Раз он проснулся, значит, должен был заснуть. Зверёк грыз коготь: он ничего не помнил. Так бывает и с вами, я уверен, тоже. Вы просыпаетесь и ничего не помните и, только увидев маму, вспоминаете, что вы дома. Или в гостях у бабушки, если видите бабушку.
Зверёк же не увидел ни мамы, ни бабушки, поэтому ничего не вспомнил.

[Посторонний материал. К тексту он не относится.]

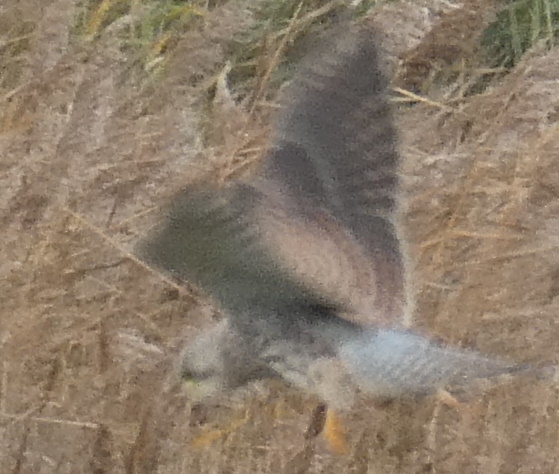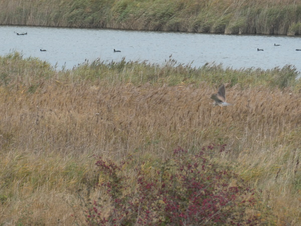Flyvende over græsset. I baggrunden svømmende blishøns. Lagt på 22. oktober 2020, taget 22. oktober 2020 ved Fjordmarken ved Egensedybet tæt på Enebærodde i udløbet af Odense Fjord i Kattegat.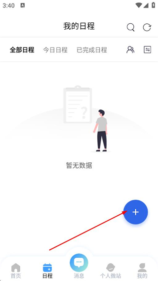 2、在日程頁(yè)面點(diǎn)擊藍(lán)色+,進(jìn)入新建日程頁(yè)面。

А ночь уже вот-вот грозила превратиться в рассвет. Снега вокруг великое множество! Нигде нельзя было увидеть землю, восхитительную землю с её бесконечными букашками и тихой музыкой травы. Зато были ёлки, тихо и печально стояли они вокруг, будто веретена, с которых раскручивались прозрачные нити ночи. Зверёк покатался немного на хвосте по крыше, а потом свалился в сугроб и выбрался только потому, что когда-то папа учил его плавать. Не удивляйтесь: для такого маленького зверька, как наш, сугробы как застывшие волны.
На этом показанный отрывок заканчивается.